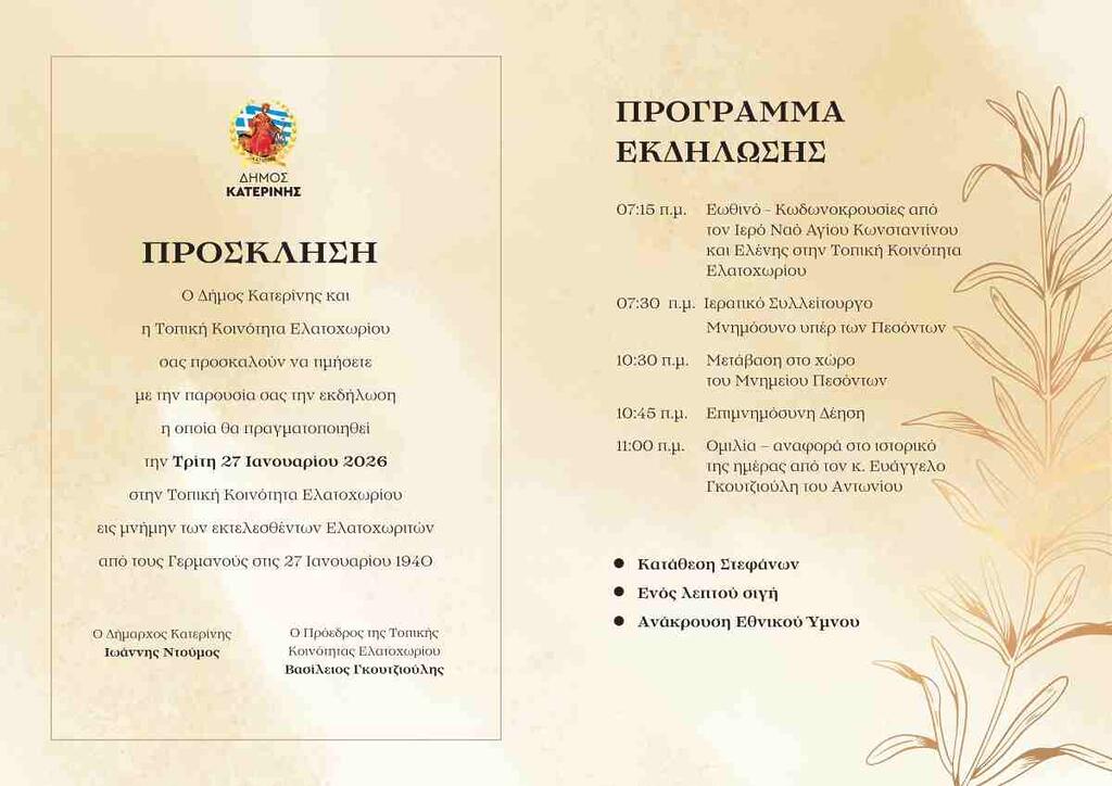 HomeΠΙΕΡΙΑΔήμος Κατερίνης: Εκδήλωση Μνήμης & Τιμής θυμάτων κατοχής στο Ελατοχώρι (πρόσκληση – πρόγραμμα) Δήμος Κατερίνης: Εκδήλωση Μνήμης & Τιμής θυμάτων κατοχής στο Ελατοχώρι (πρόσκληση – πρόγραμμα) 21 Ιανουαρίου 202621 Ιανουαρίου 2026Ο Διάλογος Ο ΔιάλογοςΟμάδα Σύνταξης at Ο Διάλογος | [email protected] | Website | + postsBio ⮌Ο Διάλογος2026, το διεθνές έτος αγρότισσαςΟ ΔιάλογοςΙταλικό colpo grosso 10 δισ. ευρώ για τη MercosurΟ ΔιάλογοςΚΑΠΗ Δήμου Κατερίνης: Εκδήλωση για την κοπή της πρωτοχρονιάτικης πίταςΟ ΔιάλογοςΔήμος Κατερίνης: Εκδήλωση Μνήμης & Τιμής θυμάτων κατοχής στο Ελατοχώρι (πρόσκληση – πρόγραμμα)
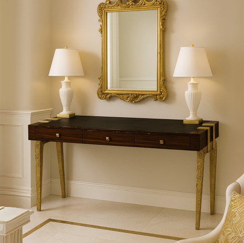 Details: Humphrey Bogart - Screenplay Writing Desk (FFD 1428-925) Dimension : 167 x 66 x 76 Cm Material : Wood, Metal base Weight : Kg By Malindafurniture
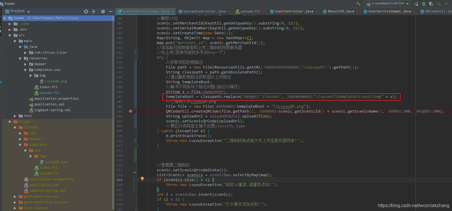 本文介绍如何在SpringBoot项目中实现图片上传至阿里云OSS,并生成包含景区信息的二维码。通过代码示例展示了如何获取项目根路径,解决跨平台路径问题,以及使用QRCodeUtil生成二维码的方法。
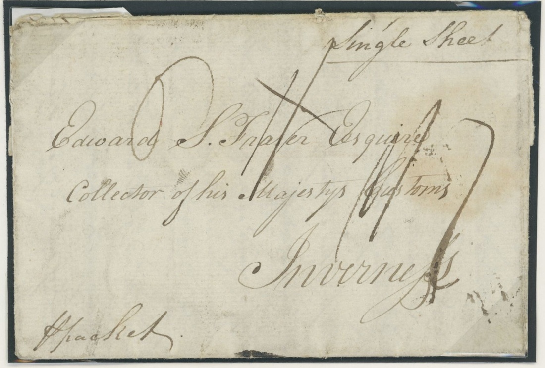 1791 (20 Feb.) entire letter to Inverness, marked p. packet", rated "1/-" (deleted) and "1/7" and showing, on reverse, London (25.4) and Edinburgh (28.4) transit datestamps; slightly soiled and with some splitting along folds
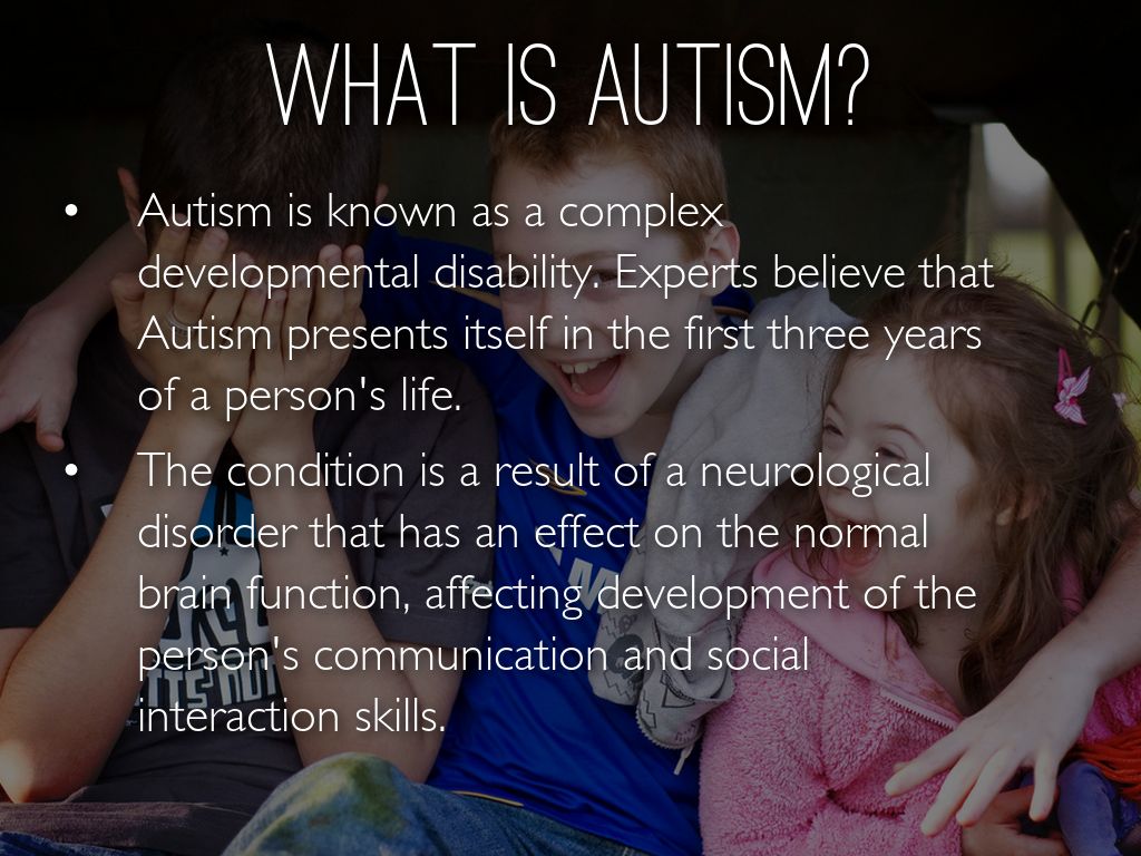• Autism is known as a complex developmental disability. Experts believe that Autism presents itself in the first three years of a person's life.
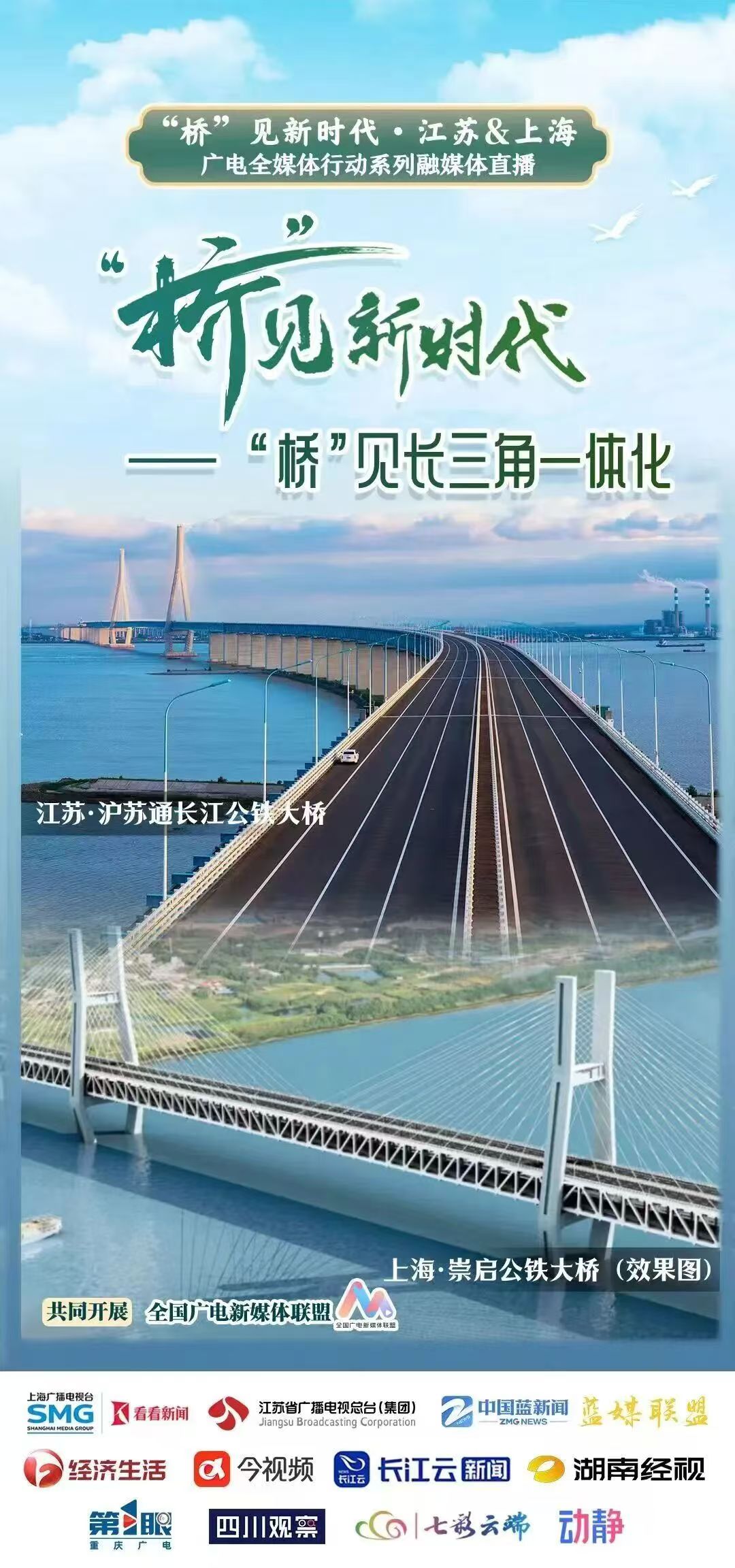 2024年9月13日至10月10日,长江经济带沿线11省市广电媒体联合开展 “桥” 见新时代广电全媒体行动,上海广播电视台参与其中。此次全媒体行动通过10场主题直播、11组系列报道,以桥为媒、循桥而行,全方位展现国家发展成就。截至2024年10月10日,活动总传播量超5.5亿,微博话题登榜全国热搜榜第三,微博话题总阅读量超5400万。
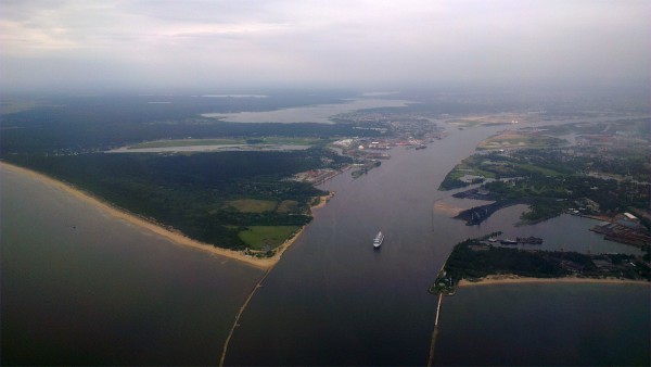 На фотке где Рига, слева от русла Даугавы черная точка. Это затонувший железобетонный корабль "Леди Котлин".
□ □ □
* **Assignment**:
From the line containing "1791 (20 Feb.)" to the last line of the entries, output every line exactly as written, but leave out the pictures.

* **Answer**:
 1791 (20 Feb.) entire letter to Inverness, marked p. packet", rated "1/-" (deleted) and "1/7" and showing, on reverse, London (25.4) and Edinburgh (28.4) transit datestamps; slightly soiled and with some splitting along folds
• Autism is known as a complex developmental disability. Experts believe that Autism presents itself in the first three years of a person's life.
 2024年9月13日至10月10日,长江经济带沿线11省市广电媒体联合开展 “桥” 见新时代广电全媒体行动,上海广播电视台参与其中。此次全媒体行动通过10场主题直播、11组系列报道,以桥为媒、循桥而行,全方位展现国家发展成就。截至2024年10月10日,活动总传播量超5.5亿,微博话题登榜全国热搜榜第三,微博话题总阅读量超5400万。
 На фотке где Рига, слева от русла Даугавы черная точка. Это затонувший железобетонный корабль "Леди Котлин".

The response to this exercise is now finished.